CHP’nin 81 il başkanından 77′si Ankara’da bir araya gelerek Genel Başkan Kemal Kılaçdaroğlu’nu desteklediklerini ve Ocak ayında yapılması öngörülen 35. Olağan Büyük Kurultay takviminin de işletilmesini yönünde görüş bildirdi.
77 İl Başkanının açıklamasının ardından CHP’de durum netleşti.
Bu süreçte genel başkanlığa aday olanlar, kurultayın olağanüstü toplanmasını isteyen muhalif grupların umudu bir başka bahara kaldı.
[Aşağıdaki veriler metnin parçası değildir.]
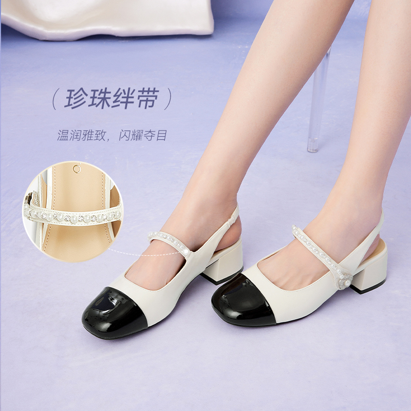 潮流复古小香风粗跟后空女凉鞋 时尚 B2358BH5 新款 百思图2025夏季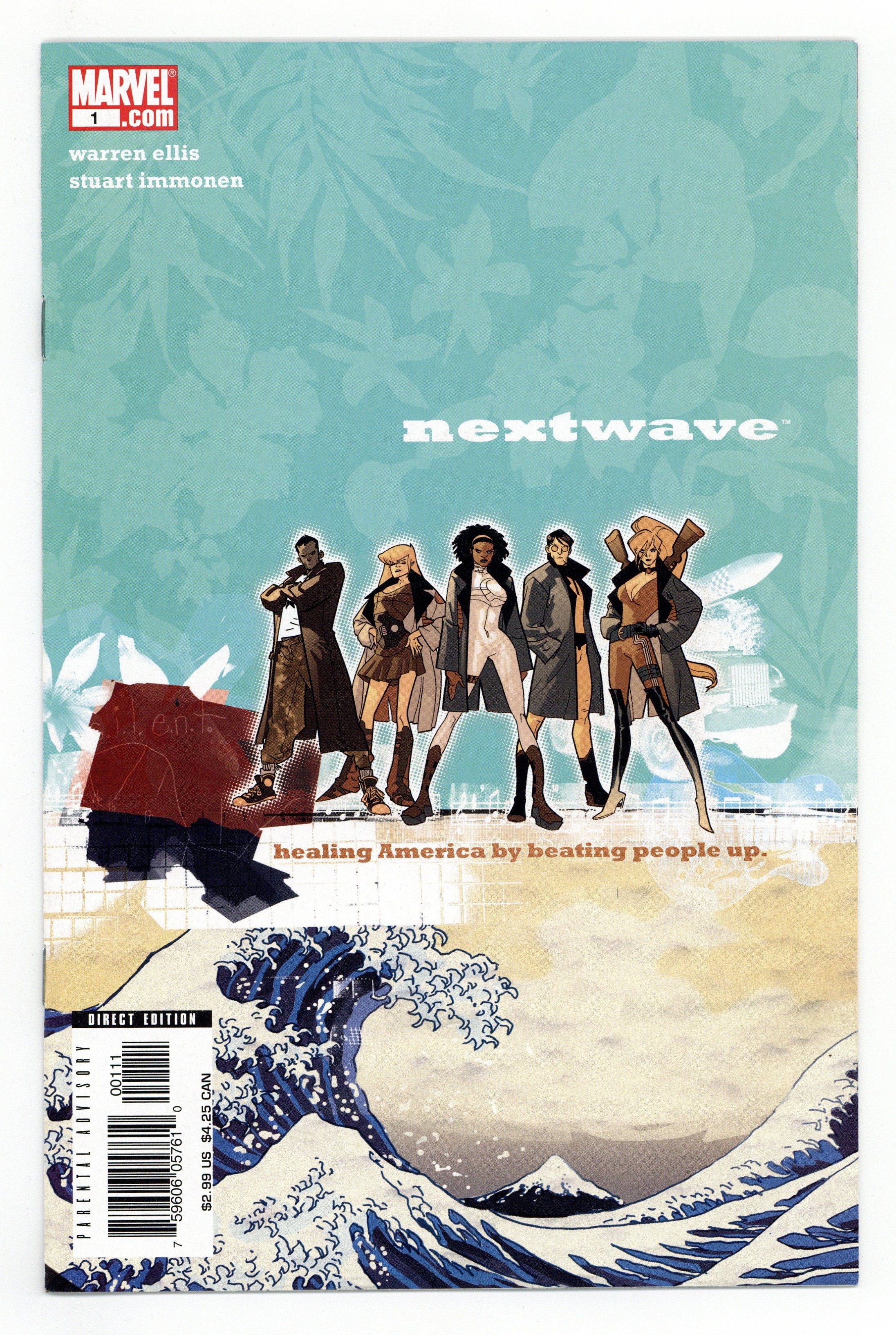 Written by WARREN ELLIS Pencils & Cover by STUART IMMONEN RRRAAAAAGGGGGHHHHH!!! Action! Excitement! Explosions! The Highest Anti-Terrorism Effort, or H.A.T.E. (a subsidiary of the Beyond Corporation©) put NEXTWAVE together to fight Bizarre Weapons of Mass Destruction. When NEXTWAVE discovers that H.A.T.E. and Beyond© are terrorist cells themselves and that the BWMDs were intended to kill them, they are less than pleased. In fact, they are rather angry. So they make things explode. Lots of things. Starring Monica Rambeau (formerly Captain Marvel and Photon), Aaron Stack (Machine Man), Tabitha Smith (X-Force's Meltdown), monster-hunter Elsa Bloodstone and The Captain! Guest-starring Fin Fang Foom!!! If you like anything, you will LOVE NEXTWAVE!!! BOOM!! Cover price $2.99.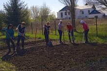 Яшелләндерү эше.\\Озеленение территории. 05.05.2023 Балалар бакчасы территориясен яшелләндерү эше дәвам итә.\\Продолжается работа по озеленению территории детского сада.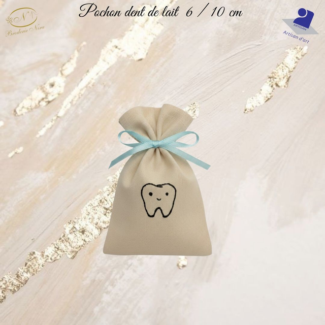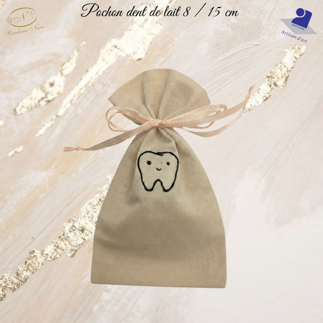- Orné d'une broderie main représentant une petite dent, réalisée avec tout le soin de l'artisanat d'art.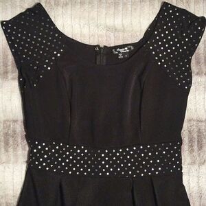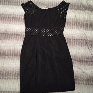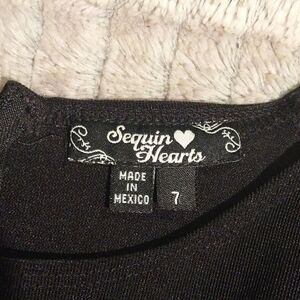 This Sequin Heart Black Dress is a Junior size 7. It has silver square studs on shoulders and around waist. Zips up the back (see photos).95% polyester 5% spandex and machine washable. Pre-owned and in excellent condition.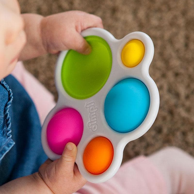 Dimpl Toys are designed to fascinate your child for hours on end. Dimpl are built safely into the sturdy ABS plastic frame and consist of five vibrant silicone bubbles in varying sizes and colours.
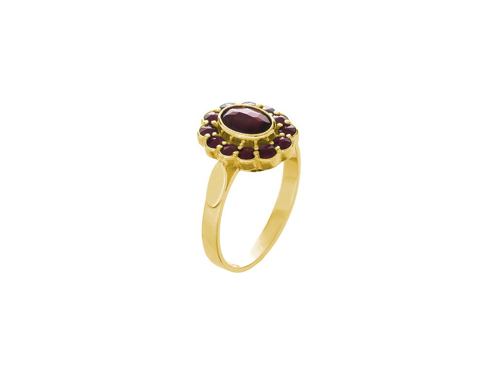 Tento stylový prsten je vyroben ze stříbra (Ag 925/1000) a zušlechtěn zlacením. Je zdoben českým granátem a almandinem. Šperku dominuje středový almandin. Prsten má tvar ovál o velikosti 13x10 mm.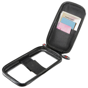 Custodia universale per smartphone (massime misure interne 90x175mm). Segue il più possibile la forma del telefono, spessore ridotto per renderla meno ingombrante. Foro passacavo per l'alimentazione elettrica. Pellicola frontale trasparente per consentire l?utilizzo del touch screen, fissata tramite termosaldatura per aumentare la resistenza alla pioggia. Zip laterali impermeabili. Tasche porta tessere Specifica per supporti del sistema OPTI (attacco non incluso vedi esempio nostri codici 1614198, 1614211, 1614200, 1614212, 1614199)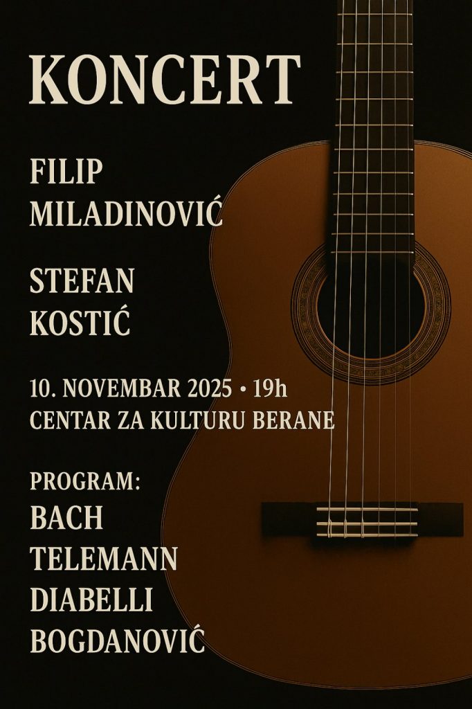 Млади гитаристи Филип Миладиновић и Стефан Костић одржаће концерт класичне музике у сали Центра за културу у понедјељак, 10. новембра 2025. године са почетком у 19 часова.
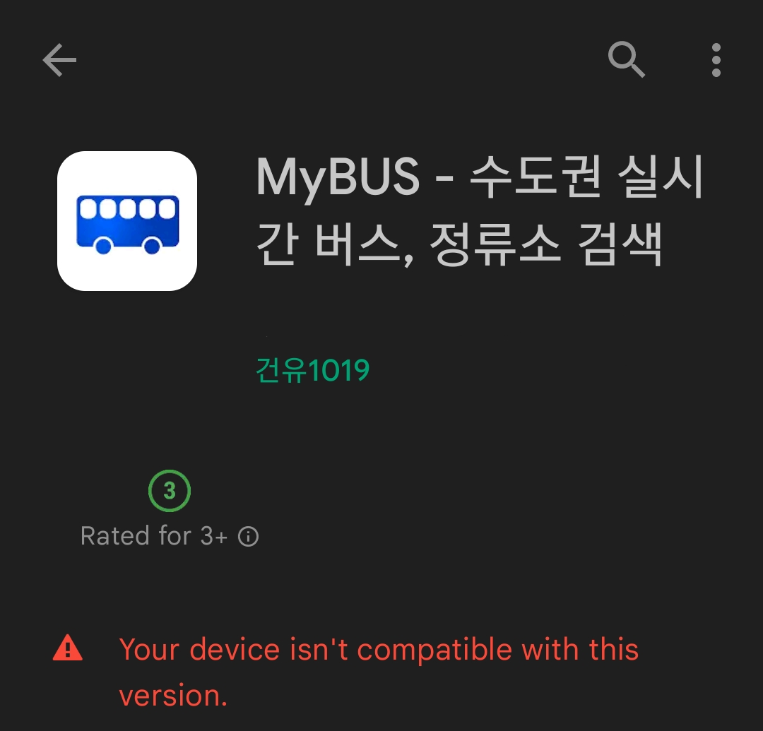 플레이스토어 버그로 인하여 조건에 충족한 웨어러블 디바이스에서 페어링된 모바일 디바이스으로 호환성 버그로 다운로드 버튼이 비활성화되는 문제가 계속 발생하고 있습니다.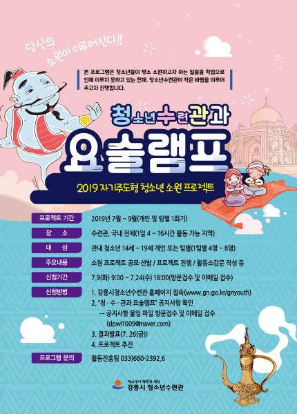 강릉시청소년수련관은 9일 접수를 시작으로 14세~19세 청소년들을 대상으로 자기주도형 소원 프로젝트 ‘2019 청소년수련관과 요술램프’를 추진한다.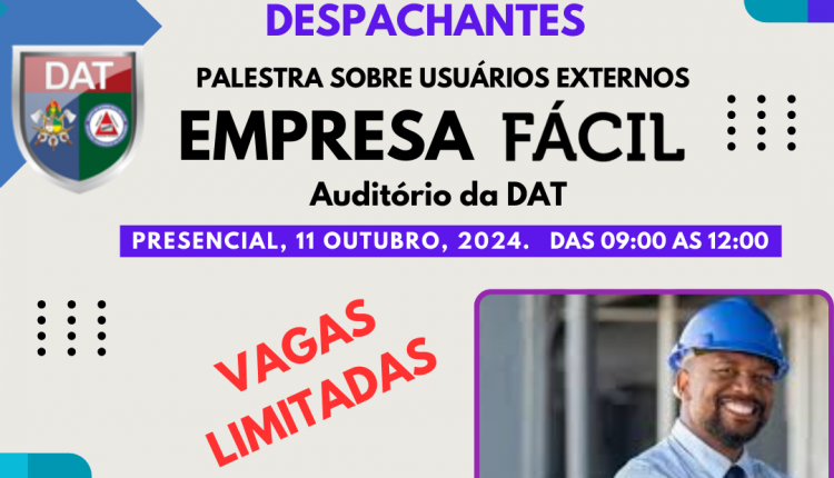 A Diretoria de Atividades Técnicas do Corpo de Bombeiros Militar do Maranhão, com o Governo do Estado do Maranhão e a Junta Comercial do Estado do Maranhão (JUCEMA), realizara PALESTRA SOBRE USUÁRIOS EXTERNOS DO SISTEMA EMPRESA FÁCIL, e convida os responsáveis técnicos e despachantes este evento que será realizado no dia 11 de outubro de 2024, das 9h as 12h.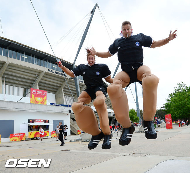 13일 오후(이하 한국시간) 호주 캔버라 스타디움에서 '2015 AFC 아시안컵 조별리그 2차전' 한국-쿠웨이트의 경기가 열릴 예정인 가운데 경기장 밖에서 광대들이 화려한 공연을 펼치고 있다.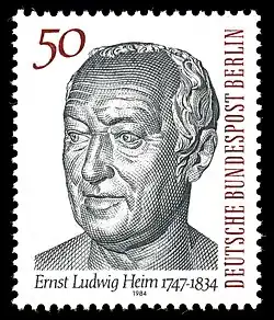 Ernst Ludwig Heim (22 July 1747 – 15 September 1834) was a German physician and naturalist born in Solz, Thuringia. He was popular for providing free medical treatment in Berlin. As a naturalist Heim influenced Alexander von Humboldt and Christian Konrad Sprengel.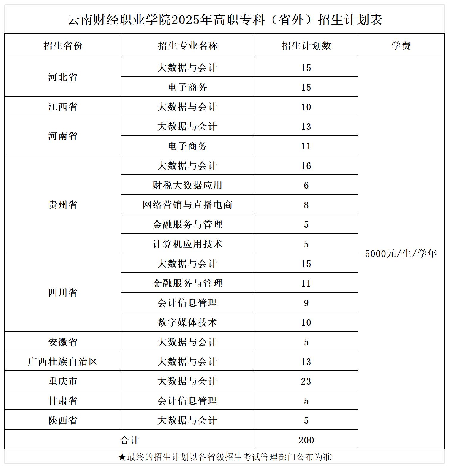 云南财经职业学院2025年高职专科(省外)招生计划表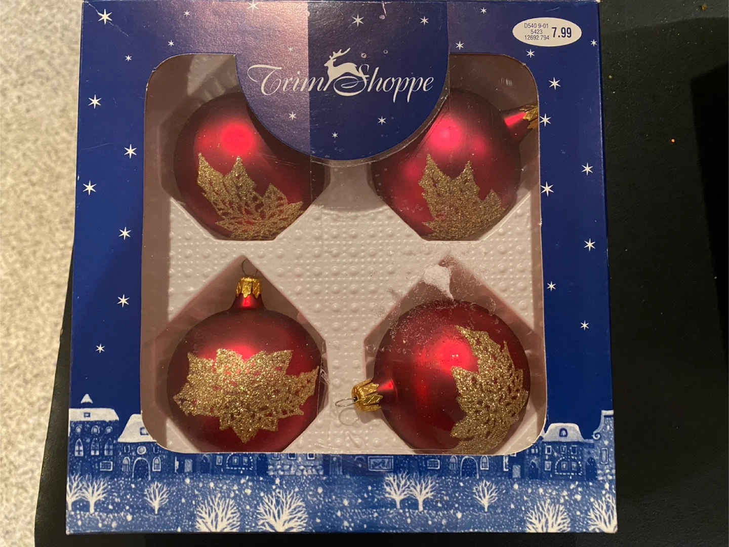 Here's a set of four lovely red and gold Christmas ornaments from Trim Shoppe! They come in their original box, ready to add a touch of festive cheer to your tree this holiday season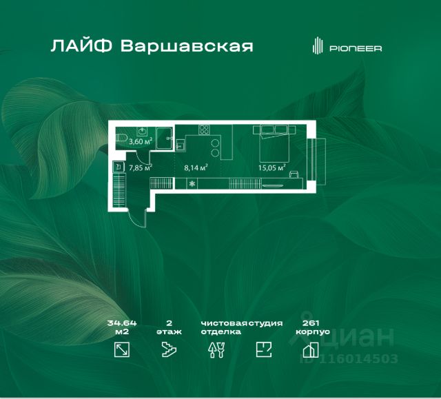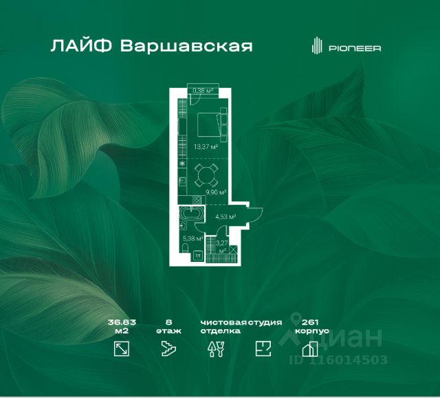 Продаётся студия в строящемся доме (К6-1), срок сдачи: IV-кв. 2026, общей площадью 36.83 кв.м., на 8 этаже. LIFE-Варшавская это жилой квартал для тех, кто ищет покой и стремится проводить больше времени в кругу самых близких людей. Новый проект ГК "Пионер" возводится на юге Москве в минуте пешком от станции метро "Варшавская". В LIFE-Варшавская детально продумана внутренняя инфраструктура: в квартале построят три детских сада, одну школу, три многоуровневых наземных паркинга, все первые этажи будут отданы под коммерческие помещения. Архитектурную концепцию проекта LIFE-Варшавская разработало одно из старейших японских бюро Nikken Sekkei. В основу проектирования легла идея квартальной структуры планировки, широко применяемая в крупных европейских городах. LIFE-Варшавская располагается в окружении живописных парков столицы, каждый из которых прекрасно подойдет для прогулки или занятия спортом. Музей-заповедник "Коломенское", парк "Садовники", Борисовские пруды, парк "Царицыно", Битцевский лес, Коробковский сад расстояние от квартала до любой из этих парковых зон не превышает 4 км. Комплекс LIFE-Варшавская станет настоящим преображением района Москворечье-Сабурово. На четверть своей территории квартал будет состоять из деревьев, кустарников, цветочных клумб, зеленых газонов и лужаек. Через весь квартал пройдет прогулочная аллея протяженностью почти 1 км. Здесь разместятся магазины, веранды кафе, зоны отдыха для всей семьи. В самом сердце жилого комплекса будет заложен сквер с пешеходными дорожками, детской площадкой, зоной для занятий спортом.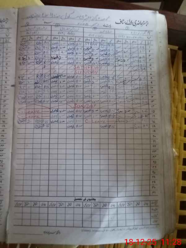 | CNIC | Full Name | Designation | R/C | Absence During Last Calender Month |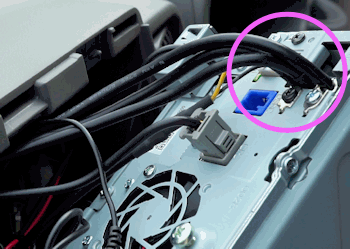 彩速ナビの裏側。3本のUSBケーブルが伸びています。このうちの1本のみ。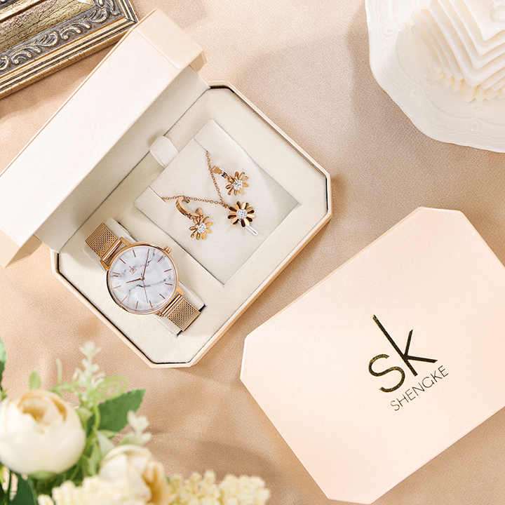 Shengke Luxury Crystal Earrings Necklace Watch Set for Women Girl Clock Reloj Mujer 2023 SK Ladies Quartz Watch Gifts for Women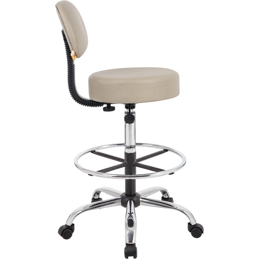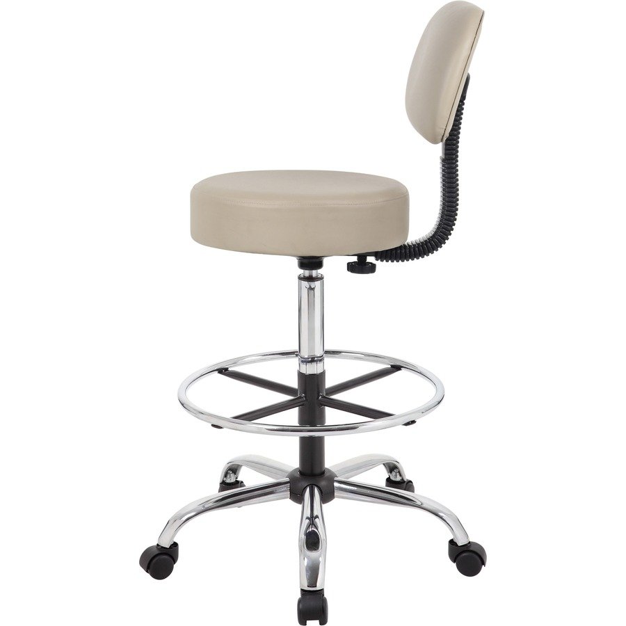 Medical stool is upholstered in Caressoft vinyl to give you the look and feel of leather while allowing it to be easily cleaned with a damp cloth. Durable upholstery covers a 4″ thick, molded foam seat to provide extra comfort and padding. Plush back cushion provides comfortable back support throughout extended periods of work. Easy-to-reach, gas lift lever offers a vertical range of 6″ and makes it easy to modify your height for increased comfort and ergonomic benefit. 20″ chrome footing provides added foot and leg support. Hooded, double-wheel casters slide smoothly on floors to make it easy to move and shift directions. Medical stool supports up to 275 lb.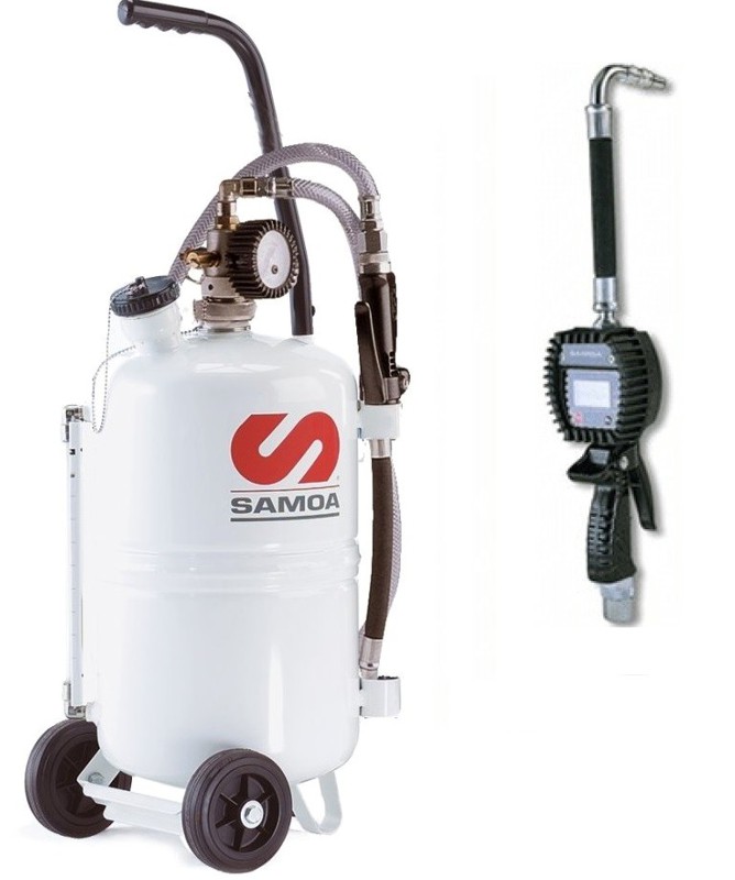 Мобильный накачиваемый маслораздатчик с расходомером для раздачи вязких смазочных материалов. Установка накачивается с помощью насоса для шин. Макс. давление 7 бар, предохранительный клапан входит в комплект.

İl Başkanlarının bidirisinin ardından CHP’nin kırmızı bölgelerini oluşturan Ege’den meclise giren 25 milletvekili geçtiğimiz gün Genel Başkan Kemal Kılıçdaroğlu’na tam destek verdiğini açıkladı.
Milletvekilli deklarasyonuna İzmir Milletvekili Mustafa Balbay, Balıkesir Milletvekili Namık Havutça, Aydın Milletvekili Metin Ülkü Baydar ve Manisa Milletvekili Mazlum Nurlu dışında tüm milletvekilleri imza koydu.
CHP İzmir İl Başkanlığı’nda açıklanan deklarasyona İzmir, Aydın, Muğla, Denizli, Manisa, Uşak, Afyon, Balıkesir milletvekillerinin imzası yer aldı.
Egeli grup adına açıklama CHP İzmir Milletvekili Tacettin Bayır tarafından yapıldı. Bayır, Genel Başkan Kemal Kılıçdaroğlu’nu desteklediklerini ifade etti.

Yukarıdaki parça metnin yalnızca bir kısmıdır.